In the material below, find the line containing "Snoopy bottle wide" and the line containing "Rechte Graffitis am", then reproduce exactly both of them and every line between, and nothing else.

┌─ DATASET

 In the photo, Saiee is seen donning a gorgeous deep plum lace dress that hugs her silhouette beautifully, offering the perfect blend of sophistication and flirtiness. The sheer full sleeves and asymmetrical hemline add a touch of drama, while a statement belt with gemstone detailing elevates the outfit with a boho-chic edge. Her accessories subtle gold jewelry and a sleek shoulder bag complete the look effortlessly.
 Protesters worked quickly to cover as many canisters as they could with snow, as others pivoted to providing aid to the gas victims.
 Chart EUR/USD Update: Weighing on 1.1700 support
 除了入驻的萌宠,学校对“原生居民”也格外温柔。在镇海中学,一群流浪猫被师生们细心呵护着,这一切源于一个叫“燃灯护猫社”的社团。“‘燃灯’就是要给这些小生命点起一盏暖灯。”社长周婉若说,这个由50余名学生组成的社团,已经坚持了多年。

└─
┌─ DATASET

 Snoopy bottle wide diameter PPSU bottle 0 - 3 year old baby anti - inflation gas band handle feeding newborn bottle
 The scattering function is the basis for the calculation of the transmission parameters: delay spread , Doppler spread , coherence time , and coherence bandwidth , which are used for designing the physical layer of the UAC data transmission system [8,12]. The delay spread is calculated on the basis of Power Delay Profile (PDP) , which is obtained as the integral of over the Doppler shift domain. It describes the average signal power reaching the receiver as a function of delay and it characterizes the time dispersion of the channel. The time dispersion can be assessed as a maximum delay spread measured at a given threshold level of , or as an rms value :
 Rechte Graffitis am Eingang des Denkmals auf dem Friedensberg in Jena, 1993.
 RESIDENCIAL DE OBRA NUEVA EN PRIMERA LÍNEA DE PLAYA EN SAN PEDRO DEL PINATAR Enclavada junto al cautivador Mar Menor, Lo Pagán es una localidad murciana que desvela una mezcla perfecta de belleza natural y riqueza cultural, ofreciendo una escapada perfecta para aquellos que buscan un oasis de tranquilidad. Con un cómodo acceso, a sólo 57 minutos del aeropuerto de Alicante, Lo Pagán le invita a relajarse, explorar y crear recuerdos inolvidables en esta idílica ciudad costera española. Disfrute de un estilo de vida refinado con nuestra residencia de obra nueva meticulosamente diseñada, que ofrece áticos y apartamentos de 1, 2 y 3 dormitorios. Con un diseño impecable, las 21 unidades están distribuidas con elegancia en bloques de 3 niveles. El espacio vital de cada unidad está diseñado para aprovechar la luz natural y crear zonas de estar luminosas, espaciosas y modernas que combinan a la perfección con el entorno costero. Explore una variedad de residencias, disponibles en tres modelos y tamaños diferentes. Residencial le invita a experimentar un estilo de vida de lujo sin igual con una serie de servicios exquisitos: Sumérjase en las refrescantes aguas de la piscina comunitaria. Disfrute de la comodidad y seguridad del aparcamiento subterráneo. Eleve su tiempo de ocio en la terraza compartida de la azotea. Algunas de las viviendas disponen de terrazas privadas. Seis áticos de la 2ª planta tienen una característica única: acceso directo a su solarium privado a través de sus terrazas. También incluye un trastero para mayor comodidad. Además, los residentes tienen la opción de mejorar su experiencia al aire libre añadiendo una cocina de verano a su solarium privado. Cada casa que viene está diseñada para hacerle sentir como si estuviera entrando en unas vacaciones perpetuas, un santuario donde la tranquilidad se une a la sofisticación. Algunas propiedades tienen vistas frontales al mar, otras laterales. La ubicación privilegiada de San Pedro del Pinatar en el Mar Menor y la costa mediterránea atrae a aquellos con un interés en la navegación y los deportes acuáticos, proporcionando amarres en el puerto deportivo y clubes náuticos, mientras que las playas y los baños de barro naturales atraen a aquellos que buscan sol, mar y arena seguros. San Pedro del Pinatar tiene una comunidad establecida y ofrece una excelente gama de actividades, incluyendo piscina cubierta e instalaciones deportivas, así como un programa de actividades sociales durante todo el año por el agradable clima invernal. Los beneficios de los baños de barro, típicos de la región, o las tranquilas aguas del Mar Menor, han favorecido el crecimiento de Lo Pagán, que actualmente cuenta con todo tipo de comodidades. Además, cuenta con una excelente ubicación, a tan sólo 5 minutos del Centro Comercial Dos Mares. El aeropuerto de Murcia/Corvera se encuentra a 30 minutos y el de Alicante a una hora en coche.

└─

YOUR RESPONSE |
 Snoopy bottle wide diameter PPSU bottle 0 - 3 year old baby anti - inflation gas band handle feeding newborn bottle
 The scattering function is the basis for the calculation of the transmission parameters: delay spread , Doppler spread , coherence time , and coherence bandwidth , which are used for designing the physical layer of the UAC data transmission system [8,12]. The delay spread is calculated on the basis of Power Delay Profile (PDP) , which is obtained as the integral of over the Doppler shift domain. It describes the average signal power reaching the receiver as a function of delay and it characterizes the time dispersion of the channel. The time dispersion can be assessed as a maximum delay spread measured at a given threshold level of , or as an rms value :
 Rechte Graffitis am Eingang des Denkmals auf dem Friedensberg in Jena, 1993.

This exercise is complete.